Günümüzün hastalıklarından biri olan obsesif kompülsif kişilik bozukluğu; sürekli panik hali, her şeyi takıntı haline getirme, detaylara fazla takılma gibi birçok davranış olarak karşımıza çıkıyor. Daha çok gençlerde görülen bu bozukluk, amacının dışına çıkan detaylarla ilgilenildiğinde takıntı haline dönüşüyor. Dürtülerle gelen ve zamanla yineleyici şekilde geri dönen bu hastalık, insanların hayatlarında olumsuzluklara neden oluyor. İnsanların evlerinden işlerine giderken ya da yolda yürürken farkında olmadan ve sürekli yapılan uç davranışlar düzeltilmediğinde zamanla engellenemiyor. 
Obsesif kompulsif bozukluk hakkında bilgiler veren Uzman Psikolog Aslı Özsoy, "Obsesif kompulsif bozukluk, kaygı bozukluklarının içerisinde olan ruhsal bir bozukluktur. Genel olarak insanlar yaşadıkları sıkıntıları gizleme çabası içerisinde olurlar. Bu yüzden destek alma eğilimleri de azdır. Sıklığının ve yaygınlığının saptanması da bu yüzden güçleşir. Obsesyonlar bireyin kabul edemediği, kişinin iradesi ve kontrolü dışında otomatik olarak ortaya çıkan, iğneleyen ısrarcı düşünce ve dürtülerdir. Kompülsiyonlar ise çoğu kez obsesyonlara tepki olarak ortaya çıkan ve kişinin engelleyemeyeceği, tekrarlayıcı davranışlardır. Düşünce ve davranış takıntısı olarak bildiğimiz, insanların utanç ve zarar verici, ayıp, kabul edilemez düşünceleriyle ‘Ya yaparsam? Yaptıysam? Oldu mu?’ şeklinde tekrara düşerek gözlenebilir davranışlar sergilemeye başlarlar" dedi. 

"Bu durum büyürse gündelik hayatı etkiliyor" 
Özsoy, "Örneğin sürekli kontrol etme, yolda yürürken çizgilere basmama, sayarak gitme, parkeleri sayarak yürüme, sürekli el yıkama alışkanlığı, kelime tekrarı yapmak gibi örnekler verilebilir.
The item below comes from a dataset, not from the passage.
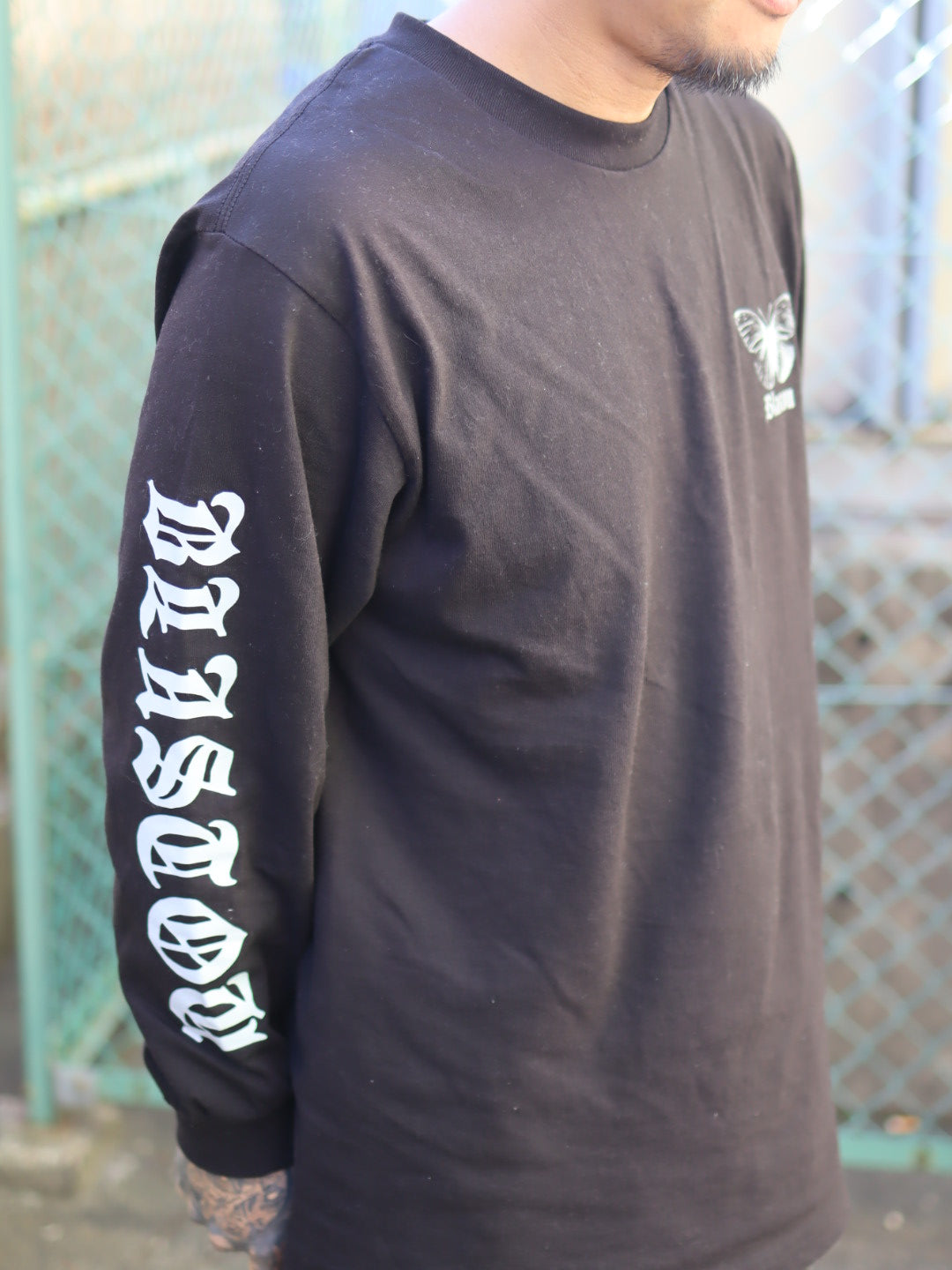 フロントには繊細なバタフライモチーフとロゴを配置し、バックにはダークでアート性の高い背中には、タトゥーのような緻密なタッチで描かれたスカルのグラフィックを大きくプリントプリントしたBLASTOUらしいダークな世界観を、コーチジャケットに落とし込んだ一着。
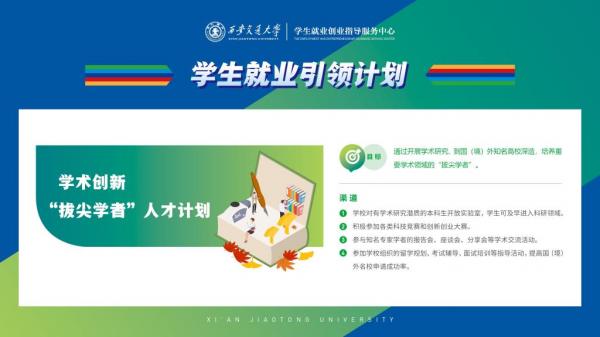 各书院和学院的职业发展工作室,则是推进“五个就业引领计划”落地落实的有力抓手。在“计划”的引领下,工作室结合书院、学院学生特点,做好就业指导服务的同时,加强对学生使命感责任感的培养,引导学生在择业就业、事业发展中传承弘扬西迁精神,将个人发展融入国家事业。目前,学校已在书院、学院建立了10个工作室,计划今年再新建5个。

Bu kişiler genel olarak aşırı sorumluluk duygusu, mükemmeliyetçilik, tehlikeyi büyüme-abartma, kontrollü olma, suçluluk veya utanç duyma, öfke ya da öfke kontrolünde zorluk çekme gibi durumları olabilir. Kişinin gündelik hayatını, ilişkilerini bozuyorsa çevresinden ya da ailesinden ‘artık yeter, dur, burada bunu yapmaman gerekiyor’ gibi şikayetler alıyorsa mutlaka psikolojik bir destek görmesi gerekir. Kişi belki bunu içten içe fark ediyor ama dışarıya bunu belli etmemeye çalışıyor. Çünkü ‘dışarıdan yanlış anlaşılır mıyım? Benimle alay ederler mi?’ gibi düşünceleri bastırmaya çalışıyor. Bunu yapmaya çalışırken de işte tepkilerini büyütebiliyor. Dışarıdan eğer fark edilirse ve bu durum büyümeye başlarsa sıkıntı oluyor. Yoksa hepimizin kendi içinde beslediği, farkında olmadığı ama ara ara yaptığımız takıntılara sahip olabiliriz. Bu kesinlikle bir şeye bağlıdır diyemeyiz ama belki o an bir şey düşündüğü için bunu yapma gereksinimi duyuyor. Sadece alıştığı bir davranış modeli olduğu için bunu yapıyor. Ama bunu artık işe gitmekte yolunu bulamıyorsa, bir yere gidemiyorsa, bu durum gündelik hayatına fazlasıyla etki ediyorsa ve karıştırıyorsa o zaman psikolojik destek almak gerekiyor" ifadelerini kullandı.